Trade and other receivables

The Group’s exposure to credit risk is influenced mainly by the individual characteristics of each customer. Management considers that the demographics of the Group’s customer base, including the default risk of the industry and country in which customers operate, has less of an influence on credit risk.. Credit risk is managed through credit approvals, establishing credit limits and continuously monitoring the credit worthiness of the customers to which the Company grants credit terms in the normal course of the business. The expected credit loss over life time of the asset is after consideration of current economic conditions prevailing on the date of approval of financial statements taking into account impact of global health pandemic COVID 19. The actual impact could be different.

 

Cash and cash equivalents and other investments

In the area of treasury operations, the Group is presently exposed to counter-party risks relating to short term and medium term deposits placed with public-sector banks, and also to investments made in mutual funds.

 

The Chief Financial Officer is responsible for monitoring the counterparty credit risk and has been vested with the authority to seek Board’s approval to hedge such risks in case of need.

 

Exposure to credit risk

 

The gross carrying amount of financial assets, net of any impairment losses recognized represents the maximum credit exposure.

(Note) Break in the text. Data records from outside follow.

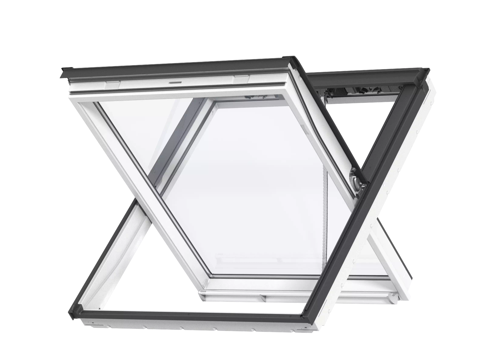 Okno oddymiające VELUX zostało zaprojektowane tak, aby szybko odprowadzić dym i ciepło. Okno wyposażone jest w silnik oddymiający i spełnia wszystkie wymagania UE. Do obsługi i automatycznego otwierania należy osobno zakupić system sterowania wentylacją oddymiającą VELUX KFX 210-214 lub KFC 210/220. System sterowania wentylacją oddymiającą VELUX może spełniać kilka funkcji, w tym automatycznie otwierać okno oddymiające. Można je również otwierać w celu wpuszczenia świeżego powietrza, aby poprawić klimat w pomieszczeniach.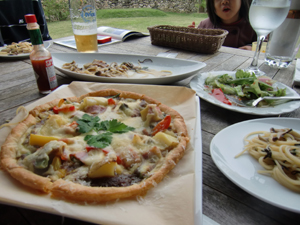 ランチはこんな素敵なレストランにて。気温20度前後なので屋外での食事もへっちゃら。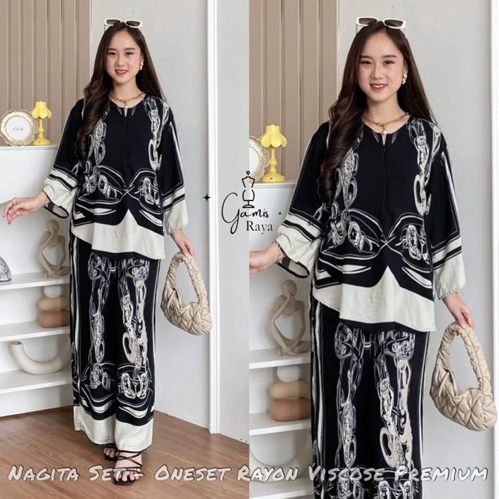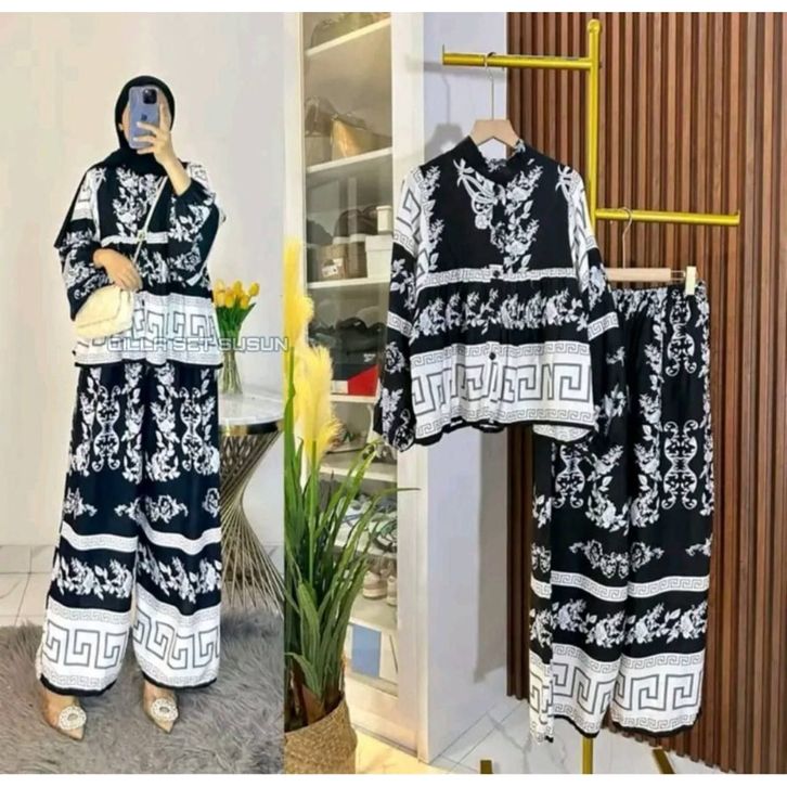 [Mall] One Set Wanita Kekinian Setelan Rayon Susun Celana Kulot Lengan 7/8 Setean Jumbo Bahan Rayon Adem Nyaman One Set

The maximum exposure to credit risk as at March 31, 2020 and 2019 was as follows:

 

    March 31, 2020     March 31, 2019  
Cash and cash equivalents     2,651,085       2,247,975  
Other assets     350,972       347,189  
Trade receivables     9,631,400       10,003,960  
Other receivables     139,122       69,513  
Other investments     211,972       194,639  
      12,984,551       12,863,276  

 

Impairment for financial assets

 

Allowances for impairment for trade receivables have been provided based on Expected Credit Loss Method adopting a simplified approach provided in IFRS 9. The age analysis of trade receivables have been considered from the date of invoice. The ageing of trade receivables, net of allowances, is given below: 

 

Period (in days)   March 31, 2020     March 31, 2019  
Less than 365 days     8,013,316       8,788,907  
More than 365 days     1,618,084       1,215,053  
      9,631,400       10,003,960  

 

See note 13 for the activity in the allowance for impairment of trade account receivables.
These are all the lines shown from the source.